Exceptions and Segfaults

If a program crashes with no error message printed to the command line, then you'll need a debugger to find the cause.  The compiler has command line options to help do this.

When compiling, use the -g and --savec flags.  -g adds debugging information (similar to a C compiler).  --savec takes a directory (which will be created if it doesn't exist) and preserves the intermediate C files for line references.

    chpl -g --savec=/tmp/chpl -o prog prog.chpl

Note that this will increase the compile time.

Then when running the program, use the --gdb flag to start the program in GDB.

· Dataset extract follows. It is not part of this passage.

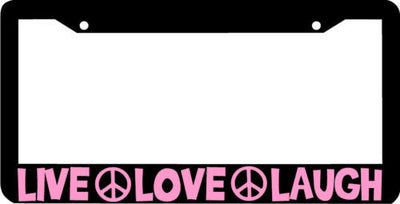 Black LIVE LOVE LAUGH License Plate Frame Plastic License Plate Frame Polystyrene plastic with vinyl graphics. Strong with tabs on the back to secure your plate to the frame. This is a buy it now for the frame pictured It is designed to fit a US/CANADA license plate.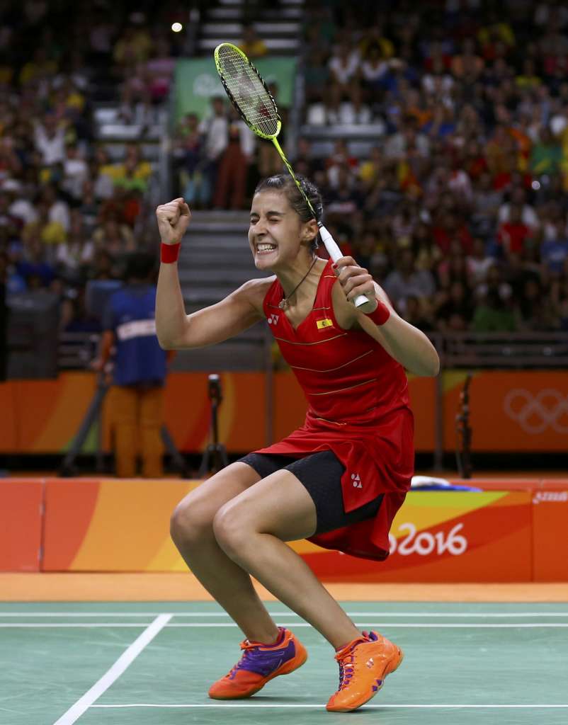 The top seed, known as the "Rafa Nadal" of badminton in Spain for her tenacity and fierce left-handed game, closed out a 19-21 21-12 21-15 victory over the 21-year-old Sindhu who was majestic in her Olympic debut.

    ./prog --gdb [other arguments]

Within GDB, just type run.  The program will halt at the error and print the stack trace with the line of the error.  You can inspect the program's state normally within the debugger.  The compiler may have changed the names of your symbols, as we'll see next when we look at the generated code.

Generated Code

While debugging the ransac_rst program, we ran into a runtime error complaining about memory being freed twice.  We found the problem by looking at the C code that Chapel generated from the program.

You'll see in the pick_seeds() procedure that we build a list of potential matches three times, for all but the first seed.  Before picking one, we check that there is at least one possibility.  If not, we abandon the attempt.

    nmatch = 0;

    for i in rng2 {

      if are_corners_similar(corners1(ind11), corners2(i)) {

        nmatch += 1;

        matches(nmatch) = i;

      }

    }

    if (0 == nmatch) then return false;

It was in the last line that the program was crashing with the message

    ransac_rst.chpl:192: error: halt reached - array reference count is negative!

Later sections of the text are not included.